Home Together

mannequin

Veronica answered the door. A man without sleeves stood there. She felt her right eye twitch involuntarily. She saw a large truck parked on the street behind him. “We’re here to . . .” he said. Veronica cut him off. “It’s Wednesday,” she said. “You’re working on the bathroom floor.” The man appeared to be choosing his words. “It’s ah Thursday, but we are working on the bathroom floor.” Veronica nodded, ignored a flurry of twitches in her eye, observed another man standing with him who did have sleeves, and kept nodding and did not open the door any further.

Eventually, the men entered the house. They did not mention the cold pot of oatmeal on the floor in the hallway, but they did seem to stare at it for a while. Slowly, though, Veronica felt a realization break through the stress. She grew aware that her three homeschooled children became docile and obedient with the men in the house.

“Go get the oatmeal out of the hallway,” she said to Tim. He did.

“Put on pants,” she said to Sara. Sara was clothed and in her right mind at once.

“Stop playing that,” she said to Lindsey. Lindsey abandoned her careful study of one line of Taylor Swift’s Bad Blood in an unending loop, closed the lid over the piano keys, got her math book, and started working practice problems

By the time Veronica turned her attention to the other two, all three of her children were working math problems. They did not bicker. They cleaned the kitchen in less than an hour. They sat in the living room discussing relations between Israel and Palestine without shouting.
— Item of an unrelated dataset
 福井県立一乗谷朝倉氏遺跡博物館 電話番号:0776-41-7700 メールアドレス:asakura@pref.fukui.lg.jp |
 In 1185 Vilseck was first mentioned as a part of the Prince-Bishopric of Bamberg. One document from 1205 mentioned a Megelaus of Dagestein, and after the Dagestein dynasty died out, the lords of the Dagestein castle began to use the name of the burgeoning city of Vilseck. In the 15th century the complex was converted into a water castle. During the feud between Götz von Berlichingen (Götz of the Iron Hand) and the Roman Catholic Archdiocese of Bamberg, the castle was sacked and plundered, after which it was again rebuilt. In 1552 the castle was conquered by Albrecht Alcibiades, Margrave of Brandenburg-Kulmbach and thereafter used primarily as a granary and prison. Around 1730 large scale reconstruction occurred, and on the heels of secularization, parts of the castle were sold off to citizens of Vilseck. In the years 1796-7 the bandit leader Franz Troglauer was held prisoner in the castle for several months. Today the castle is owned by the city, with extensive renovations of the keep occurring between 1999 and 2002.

This period of bliss continued for one week, until the work in the bathroom was complete. Veronica noticed that the twitch in her right eye was gone. Her hair seemed to have regained its luster. She witnessed herself having the thought, “I can even.”
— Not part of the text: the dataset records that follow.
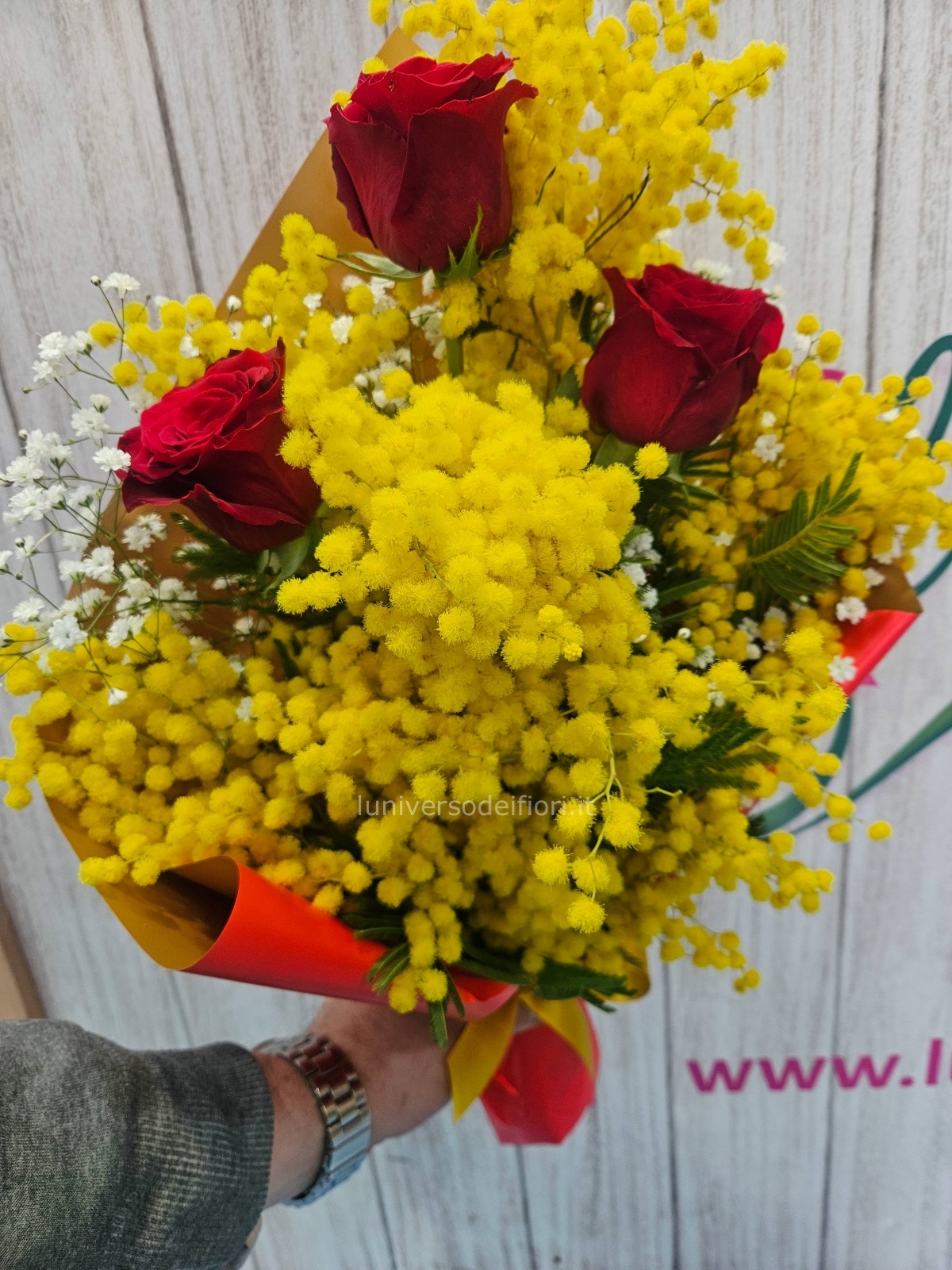 Scegli il nostro fascio di rose e mimosa per esprimere sentimenti speciali, e goditi la comodità della consegna a domicilio in tutta Torre del Greco.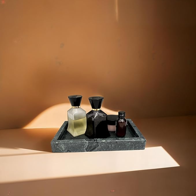 Natural Green Marble Tray for Bathroom | Kitchen | Vanity | Desktop, Stone Organizer for Coffee Table, Dresser, Nightstand, Candles, Soap, Towel, Plant, Jewelry (10" x 6"), Rectangular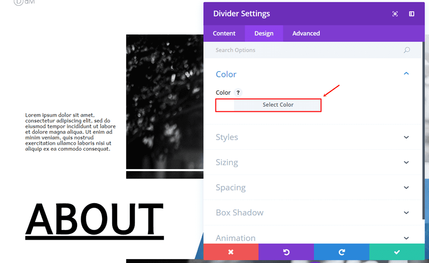 Next, go ahead and add a Divider module right below the Text Module. Within the Visibility subcategory, enable the ‘Show Divider’ option.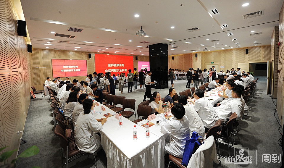 龙华医院养身功法展示和互动环节,吸引众多“粉丝”围观,曙光医院膏方科普展示区和岳阳中西医结合医院的名贵中草药辨识点也因切合季节养生需求成为白领们的关注点和驻足处。

On Monday of the next week, however, the twitch came back in full force. At one point, when she burst out crying after restarting a history lesson for the fifth time in an hour, the children had the audacity to laugh at her tears. She went to her bedroom, turned the children over to Satan, and locked the door. She watched six consecutive episodes of Fixer-Upper on her phone, and then sat in silence for nearly an hour. At the end of this period of reflection, she had a plan.
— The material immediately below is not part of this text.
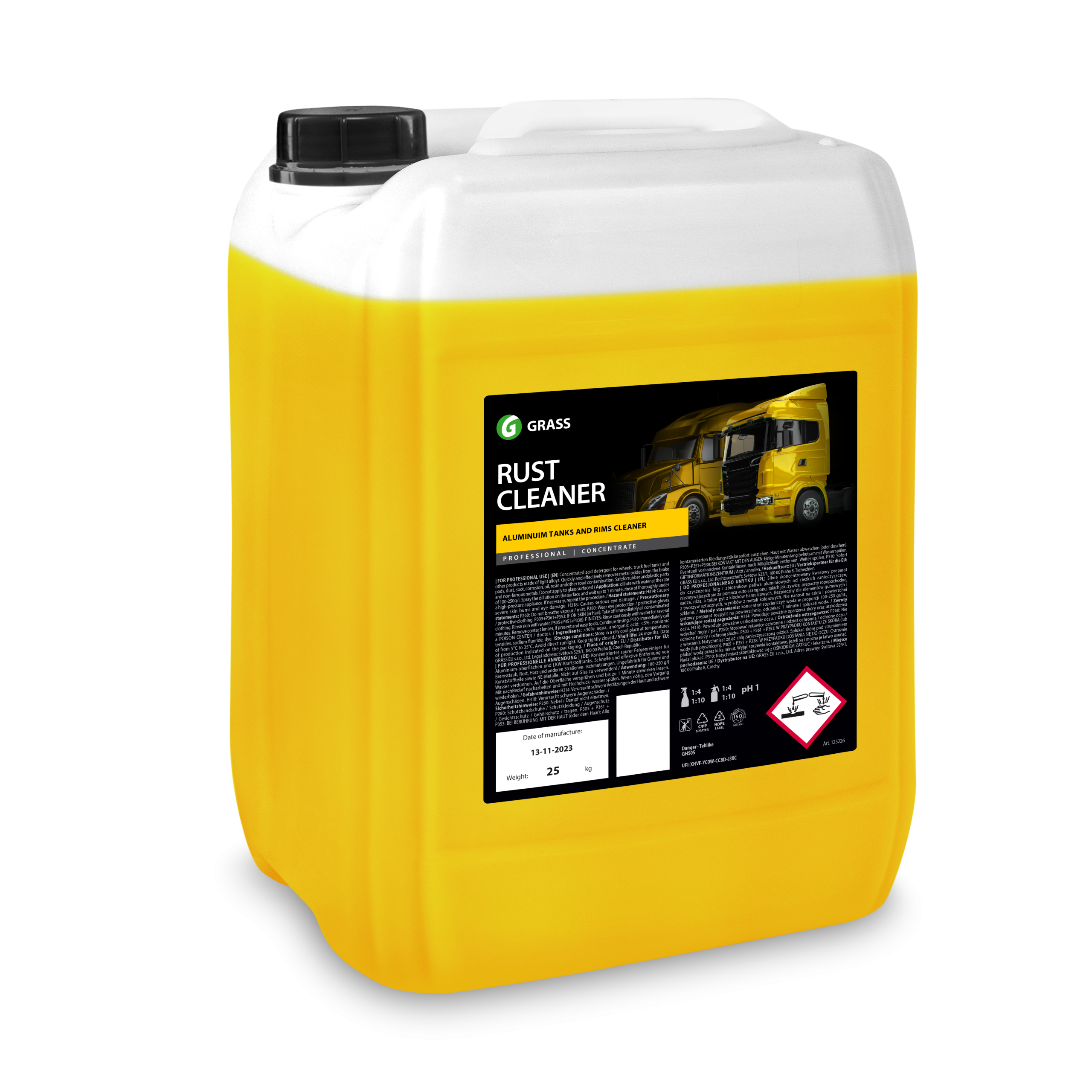 PAVOJUS! Dirgina odą ir pažeidžia akis. Naudokite gumines pirštines, apsaugines priemones. Patekus ant odos ir į akis nuplauti vandeniu. Jei reikia kreipkitės į gydytoją. Laikyti vaikams nepasiekiamoje vietoje!

On Thursday, she let the children sleep in until 8:00 AM. They started breakfast.

“Oh,” she said. She peeked through the curtain over the sink, out the window. “They’re here.”

“Who’s here?” Tim said.

“Some men, doing some work in the garage,” she said. “I’ll go let them in.”

She went out to the garage. The children stuck their spoons into the rice pudding and took bites, and listened to the sound of the garage door opening, and men’s voices trading sentences with their mother’s. Veronica came back into the house, and the sound of tools began in the garage.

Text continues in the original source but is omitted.